ABFFE launched its three-week online auction on September 9 to help support its vital work defending the free speech rights of young readers. The auction “had a very strong response the first week, and has continued to build since,” said ABFFE President Chris Finan.

“People have been excited about the art, and excited that it’s going toward free speech,” he added. “Everything is working out like we had hoped.” ABFFE has already raised more than $5,000 through the auction, and Finan expects more will be raised before the end of the week.

This year’s inaugural virtual read-out of banned books has been a success, too. As of Tuesday afternoon, there were 195 read-out videos posted to the Banned Books Week channel on Youtube, 44 of which were created by bookstores. “I think we can be proud,” said Finan. “That’s a really great turnout.”

Blue Willow Bookshop in Houston, Texas, posted a creative video wherein staff member Victoria Rutlage performed a reading from Lois Lowry’s The Giver from a makeshift jail cell. In addition to the video, Blue Willow has featured a banned books display and has been tweeting about Banned Books Week as a way to encourage in-store discussion. “It’s a really great conversation to have with customers,” said owner Valerie Koehler, who has been pointing out banned or challenged books to her customers when she spots someone with such a book in hand. “It’s surprising to me how many people are shocked to hear that these books have been banned or challenged,” said Koehler.

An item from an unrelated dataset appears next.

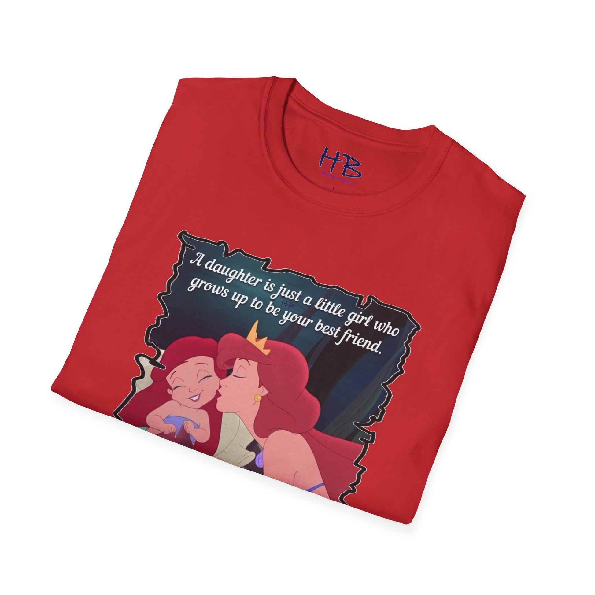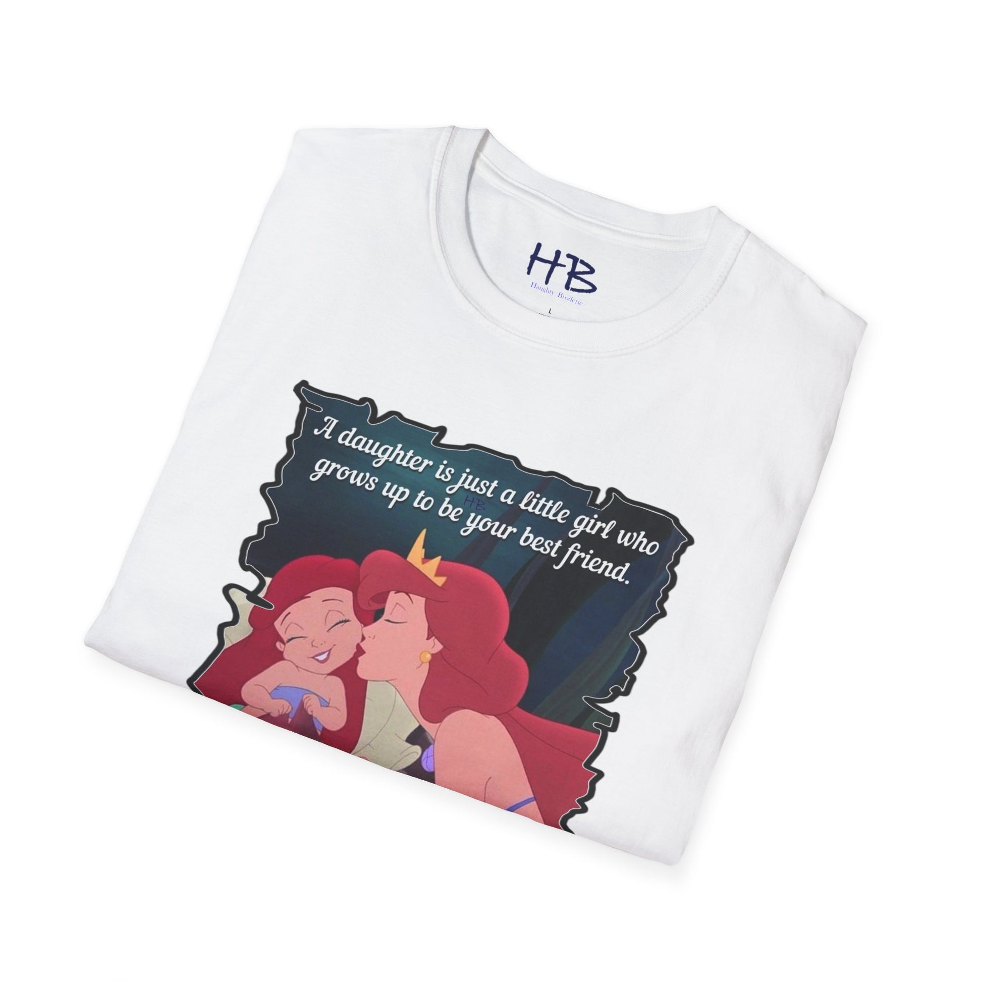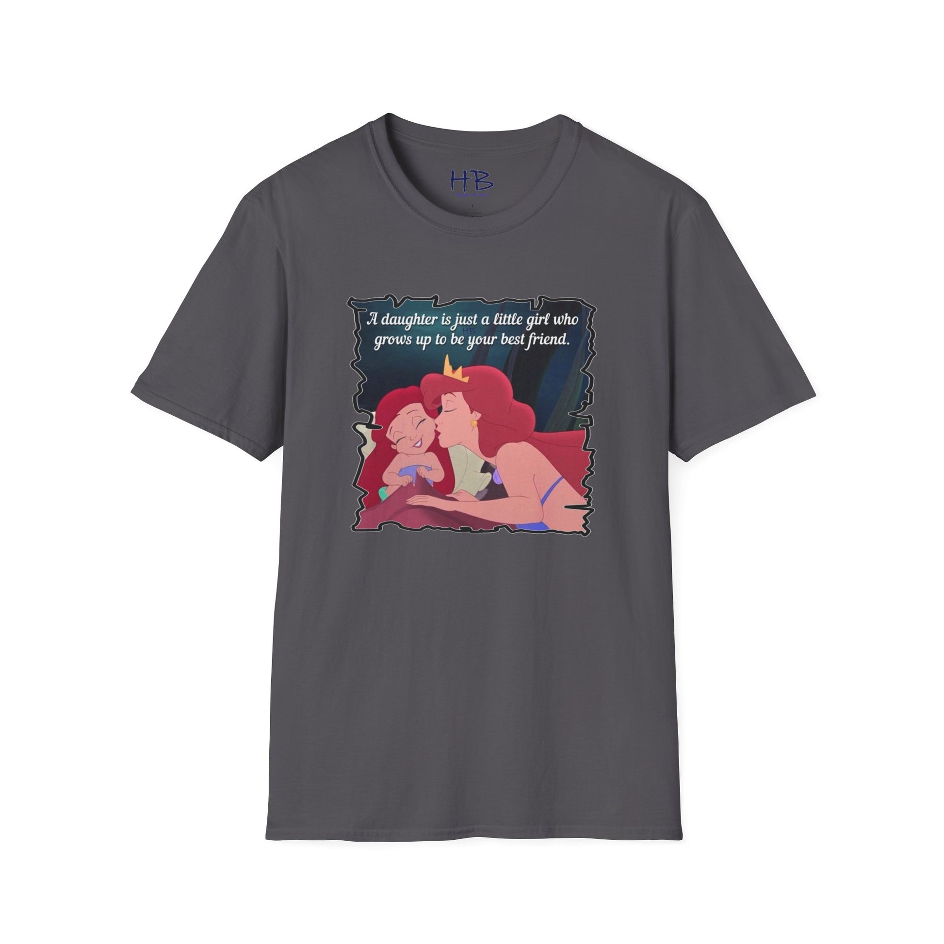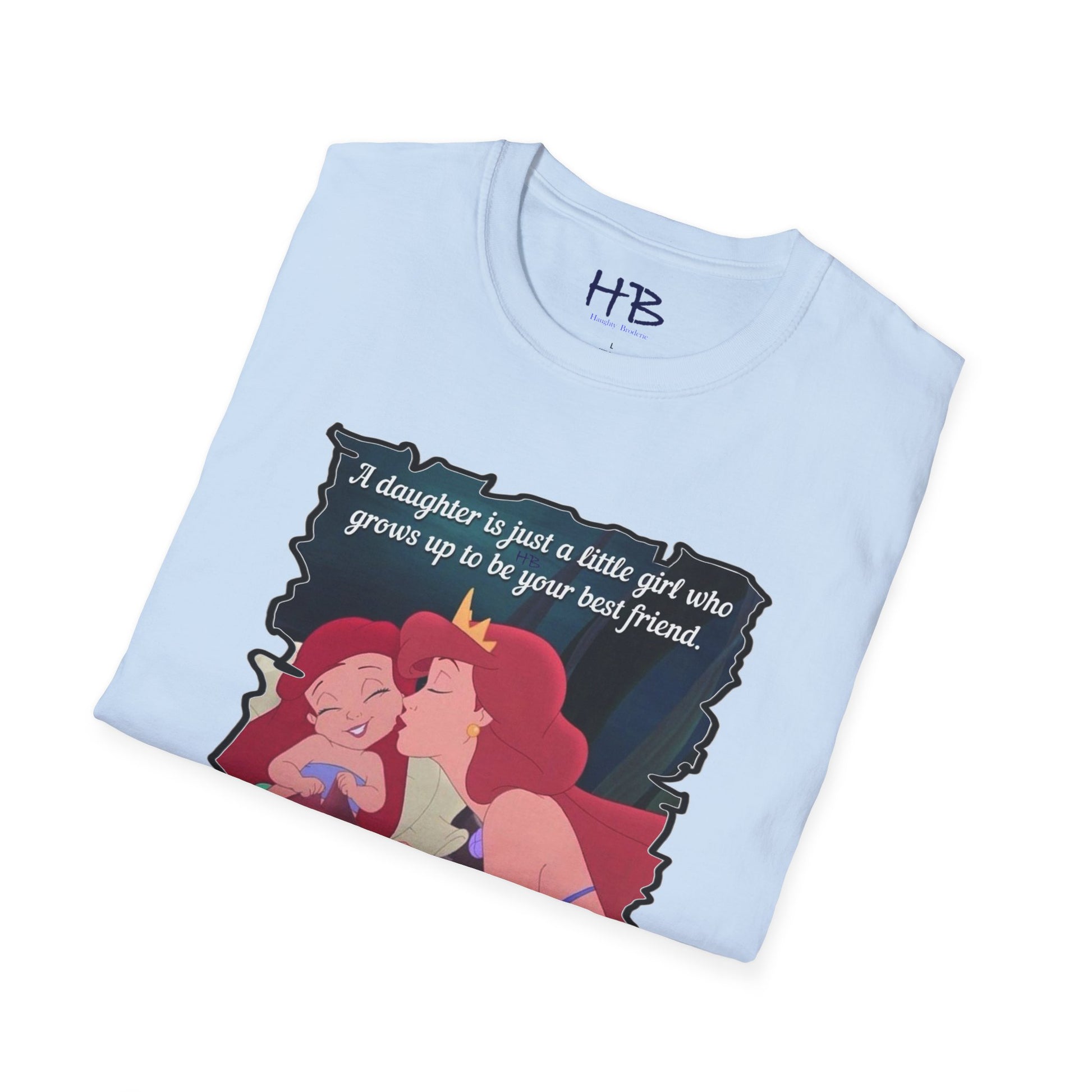 Introducing our fabulous tee shirt featuring an iconic image of a mother giving her baby daughter a loving kiss. This particular drawing is renowned worldwide and depicts the purest form of maternal love. The accompanying text beautifully captures the essence of this heartwarming image, stating that a daughter is simply a young girl who eventually becomes her mother's closest confidant and ally.

Free speech advocates Kevin Coolidge and Kasey Cox, the owners of From My Shelf Books in Wellsboro, Pennsylvania, have been actively promoting Banned Books Week. In addition to having an in-store display and being active on Facebook, Coolidge and Cox are creating a video about an experience they had a few years ago with a police officer who challenged some of the books they sell in the store. After it happened nearly two years ago, Coolidge wrote a column for a local paper about the right to choose what to read, and what to sell in the store. “It was very well received,” said Cox, who plans to read from the column along with Coolidge in their read-out video.

When anyone challenges a book that is for sale in the store, “our standing comeback,” said Cox, “and a way to ease the tension, is just to say we believe you have the right to read it. We don’t necessarily think you should go out and do everything you read about. We have a True Crime section. But that doesn’t mean you should chop grandma up and put her in the freezer. But you can read about it if you want!”

At Anderson’s Bookshops in Naperville, Illinois, an in-store read-out launched the company’s eighth annual Young Adult Literature Conference last weekend. Two hundred and fifty librarians, educators and authors came together to read Ellen Hopkins’ poem, “Manifesto,” and an excerpt from Robert Cormier’s The Chocolate War.